Ex Parte Mower - Page 7



             Appeal 2006-3196                                                                                     
             Application 10/860,445                                                                               
             an annular ring.”  Hyde, col. 5, lines 4-5.  The question before us is whether this                  
             suggestion in Hyde to form the friction lining of individual pads renders obvious                    
             the claimed circular friction material.  We find that the disclosure in Hyde of using                
             individual pads to form an annular ring would not have led one having ordinary                       
             skill in the art to make the friction material on each disc segment in a circular                    
             shape.  Specifically, we do not see why a person having ordinary skill in the art,                   
             intending to form an annular ring of friction material as suggested in Hyde, would                   
             use circular friction pads to do so.  Rather, presumably, one would use a pad                        
             shaped in a way that would most closely form a ring when the disc segments are                       
             connected together to form the disc.                                                                 

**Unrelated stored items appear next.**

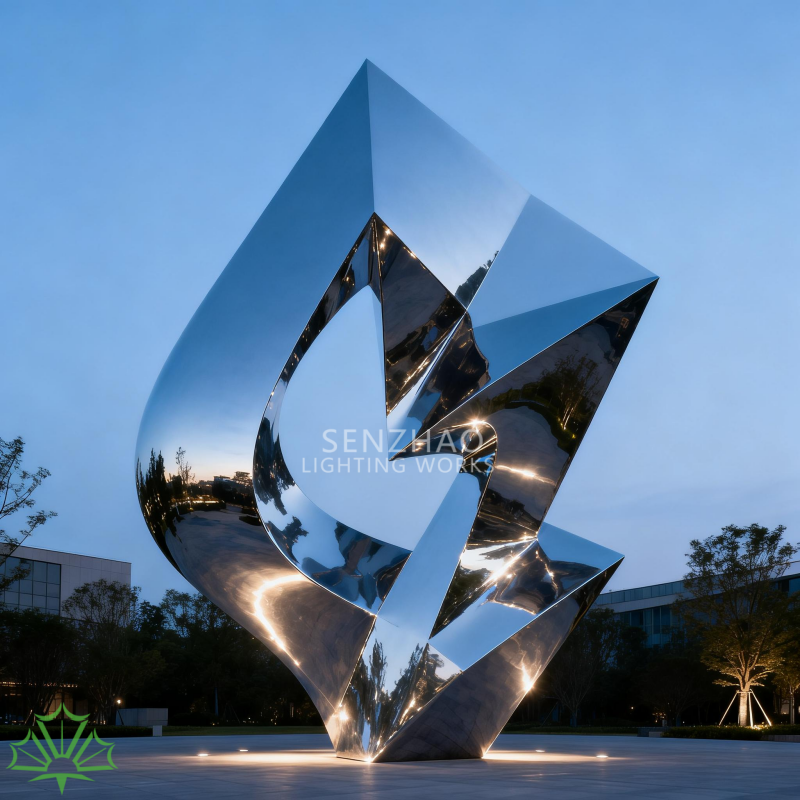 งานศิลปะเชื่อมโลหะเซนเจา ดีไซน์ขัดเงา ประติมากรรมโลหะสแตนเลสสมัยใหม่
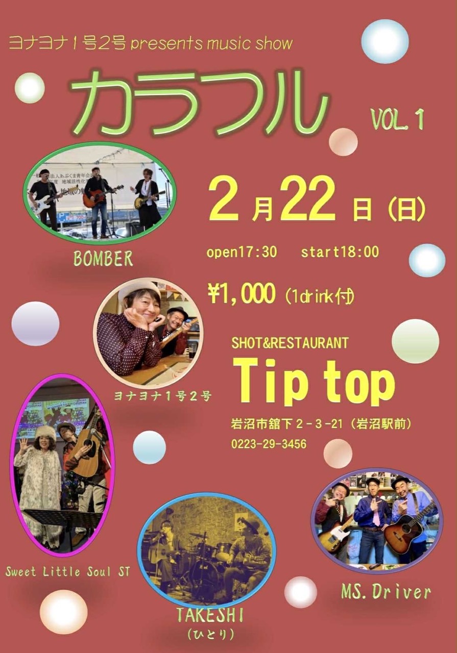 カラフル Vol 1 - ヨナヨナ1号2号 presents music show -SHOT&RESTRANT Tip top(チップ トップ) ●日程:2月22日(日) ●場所:SHOT&RESTRANT Tip top(チップ トップ) ●Open 17:30 Start 18:00 ●出演:MS.Driver / TAKESHI / ヨナヨナ1号2号 / BOMBER / Sweet Little Soul ●Fee:1000円(1ドリンク付き) |
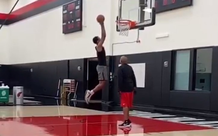 快速比分9月1日讯 今天,开拓者前锋罗德尼-胡德更新Instagram Story,晒出自己在训练中完成空接扣篮的视频。 胡德在2019年12月7日遭遇跟
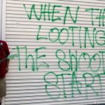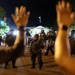 他说自己是重法律与秩序的总统,希望各州州长出动的国民警卫队数量足以“主导街区”,否则他将会出动美国军队,“帮助他们解决问题”。就在他说话的同时,一列军队车辆驶过白宫前的宾夕法尼亚大道。
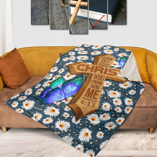 Jesuspirit Daisy Fleece Blanket | I Can Do All Things Through Christ | Philippians 4:13 | Christ Gifts For Religious Family FBH782
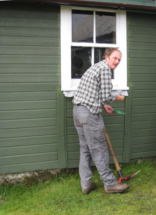 Culra Bothy Work Party Sept 14, 2008 / 05 Tom puts gloss green on the lead flashings

                    The examiner further determined that the “applicant does not have criticality                 
             for the claimed ‘circular’ shape and it appears that the invention would perform                     
             equally well with a variety of friction material shapes.”  Answer, p. 5 (citing In re                
             Dailey, 357 F.2d 669, 149 USPQ 47 (CCPA 1966)).   We disagree with the                               
             examiner’s assertion, because Hyde teaches that “[p]ads or sectors of currently                      
             available carbon material have been found to wear much faster than continuous                        
             annular friction members of the same material.”  Hyde, col. 5, lines 5-7.  As such,                  
             were one to use circular pads, as recited in claim 3, according to Hyde, such pads                   
             would wear faster and thus the invention would not perform equally well, as                          
             posited by the examiner.  Accordingly, we do not sustain the examiner’s rejection                    
             of claim 3 as unpatentable over Ericson and Hyde.